Interesting CPU load (without actually traffic load)


(jacque74) #1

Hello, every ones in a while we get into a state where one of our
servers reports high USER and System CPU, as indicated on this graph:

http://bit.ly/yAQyPe

As you can tell, the rest of the cluster is pretty much idle, while
img699 is continuously hot with CPU

top - 14:28:46 up 737 days, 18:21, 1 user, load average: 12.03,
10.37, 10.25
Tasks: 125 total, 1 running, 124 sleeping, 0 stopped, 0 zombie
Cpu(s): 34.9%us, 33.9%sy, 0.0%ni, 18.8%id, 11.7%wa, 0.2%hi,
0.5%si, 0.0%st
Mem: 16472372k total, 16387968k used, 84404k free, 5952k
buffers
Swap: 9775544k total, 5632k used, 9769912k free, 6111504k
cached

PID USER PR NI VIRT RES SHR S %CPU %MEM TIME+
COMMAND
8625 root 20 0 9113m 8.4g 10m S 513.6 53.6 9021:31 java

Please see attached Jstack:

http://pastebin.com/HFUAn6ra

I am not really sure what its doing, all of the health status
indicators are idle, there is no merge or flush in progress, and left
alone, this server will be hot for days. The only way to resolve this
is to restart the process.

Shay, please let me know what you think.

-Jack


(Shay Banon) #2

Thanks for the stack trace. From what I can see, there are several on going stats requests on that node, and I can see when this might happen if a shard is being closed or was closed while they were executing (I can't see from the stack trace if thats the case). I fixed it here: https://github.com/elasticsearch/elasticsearch/issues/1772. Otherwise, the only other thing that I can think is that the networking lib is causing it (there were some bugs related to that in older versions, though they have been fixed and I its not evident that tis happening from the stack trace).

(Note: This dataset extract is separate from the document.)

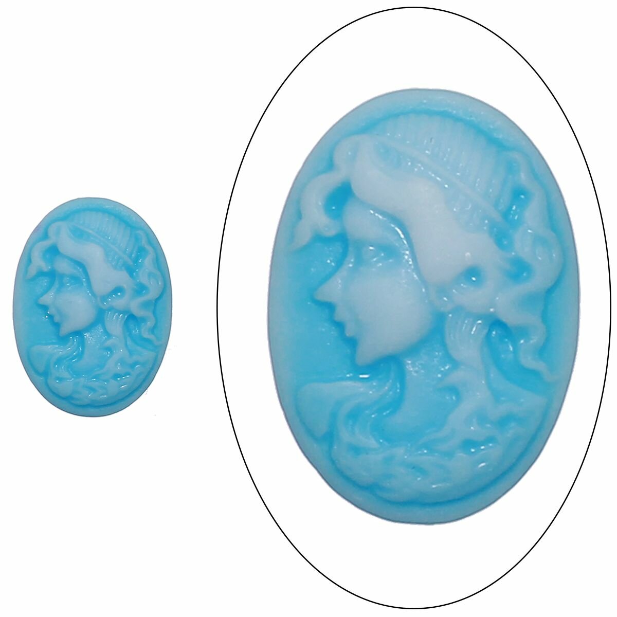Камея акриловая, 24х18мм, девушка в ободке, белая на голубом, 5 шт. интересное:

On Friday, March 9, 2012 at 12:31 AM, Jack Levin wrote:

Hello, every ones in a while we get into a state where one of our
servers reports high USER and System CPU, as indicated on this graph:

http://bit.ly/yAQyPe

As you can tell, the rest of the cluster is pretty much idle, while
img699 is continuously hot with CPU

top - 14:28:46 up 737 days, 18:21, 1 user, load average: 12.03,
10.37, 10.25
Tasks: 125 total, 1 running, 124 sleeping, 0 stopped, 0 zombie
Cpu(s): 34.9%us, 33.9%sy, 0.0%ni, 18.8%id, 11.7%wa, 0.2%hi,
0.5%si, 0.0%st
Mem: 16472372k total, 16387968k used, 84404k free, 5952k
buffers
Swap: 9775544k total, 5632k used, 9769912k free, 6111504k
cached

PID USER PR NI VIRT RES SHR S %CPU %MEM TIME+
COMMAND
8625 root 20 0 9113m 8.4g 10m S 513.6 53.6 9021:31 java

Please see attached Jstack:

http://pastebin.com/HFUAn6ra

I am not really sure what its doing, all of the health status
indicators are idle, there is no merge or flush in progress, and left
alone, this server will be hot for days. The only way to resolve this
is to restart the process.

Shay, please let me know what you think.

-Jack


(jacque74) #3

Shay, is there a stable version of ES I can get with this Fix?
Otherwise where can I get it?

-jack

On Mar 8, 4:04 pm, Shay Banon kim...@gmail.com wrote:

Thanks for the stack trace. From what I can see, there are several on going stats requests on that node, and I can see when this might happen if a shard is being closed or was closed while they were executing (I can't see from the stack trace if thats the case). I fixed it here:https://github.com/elasticsearch/elasticsearch/issues/1772. Otherwise, the only other thing that I can think is that the networking lib is causing it (there were some bugs related to that in older versions, though they have been fixed and I its not evident that tis happening from the stack trace).

On Friday, March 9, 2012 at 12:31 AM, Jack Levin wrote:

Hello, every ones in a while we get into a state where one of our
servers reports high USER and System CPU, as indicated on this graph:

http://bit.ly/yAQyPe

As you can tell, the rest of the cluster is pretty much idle, while
img699 is continuously hot with CPU

top - 14:28:46 up 737 days, 18:21, 1 user, load average: 12.03,
10.37, 10.25
Tasks: 125 total, 1 running, 124 sleeping, 0 stopped, 0 zombie
Cpu(s): 34.9%us, 33.9%sy, 0.0%ni, 18.8%id, 11.7%wa, 0.2%hi,
0.5%si, 0.0%st
Mem: 16472372k total, 16387968k used, 84404k free, 5952k
buffers
Swap: 9775544k total, 5632k used, 9769912k free, 6111504k
cached

PID USER PR NI VIRT RES SHR S %CPU %MEM TIME+
COMMAND
8625 root 20 0 9113m 8.4g 10m S 513.6 53.6 9021:31 java

Please see attached Jstack:

http://pastebin.com/HFUAn6ra

I am not really sure what its doing, all of the health status
indicators are idle, there is no merge or flush in progress, and left
alone, this server will be hot for days. The only way to resolve this
is to restart the process.

Shay, please let me know what you think.

-Jack


(Shay Banon) #4

The fix has been applied to both master and 0.19 branch. It will be part of 0.19.1 release (released either this week or the next). You can easily build a version yourself to test it, just clone / download the 0.19 branch from github, and run "mvn package -DskipTests", the distribution files will be under target/release.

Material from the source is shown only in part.